In addition, at present, the research of the national scholars on the geographic registration mostly focuses on the improvement of the geographic registration method and the practical application thereof, and the research and the development of an online registration tool are rarely involved. Meanwhile, the existing GIS gradually moves from outdoor to indoor, a large number of indoor plane maps become one of main data sources of an indoor map, and how to quickly acquire indoor map data suitable for a network GIS under the internet environment becomes an urgent need. Therefore, how to realize webpage-side online registration of the indoor plane graph becomes a key technical problem which needs to be solved urgently.

Disclosure of Invention

Aiming at the defects of the prior art, the invention aims to provide an online registration method of an indoor plane graph according to the practical application requirements in the development process of an indoor three-dimensional geographic information system, the positions and the sizes of a map and the indoor plane graph are respectively adjusted by methods of translation, rotation, scaling and the like, so that the outline of the indoor plane graph is superposed with the outline of a target building on the map, and the method can be applied to the indoor three-dimensional geographic information system at a webpage end and can make up the vacancy of the geographic registration tool at the current webpage end.

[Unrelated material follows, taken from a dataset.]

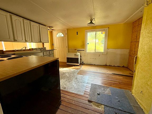 The mobile home is connected to public water and has a private 3-bedroom septic system. The shed/outbuilding will convey with the property.

In order to achieve the purpose, the technical scheme adopted by the invention is as follows:

the method for on-line registration of the indoor plane map is characterized by comprising the following steps:

step 1: determining the position of a target building in an electronic map of a webpage end, and loading an indoor plan of the target building;

step 2: performing online geographic registration at a webpage end to enable the indoor plane graph to coincide with the outline of a target building on the electronic map;

and step 3: after the online geographic registration is completed, reloading the indoor plane map in a map layer form, and locking the relative position of the electronic map and the indoor plane map;

and 4, step 4: vectorizing the indoor plane graph after the locking position, exporting data and storing.

Further, the indoor plane graph in the step 1 is loaded in a marking point mode.

Further, the online geographic registration includes an image translation process, an image rotation process, and an image scaling process.

Further, the image translation process is as follows: and after the indoor plane graph is displayed at the webpage end, translating the electronic map at the webpage end, coinciding the central point of the target building of the electronic base map with the central point of the indoor plane graph, and locking the translation operation of the electronic map.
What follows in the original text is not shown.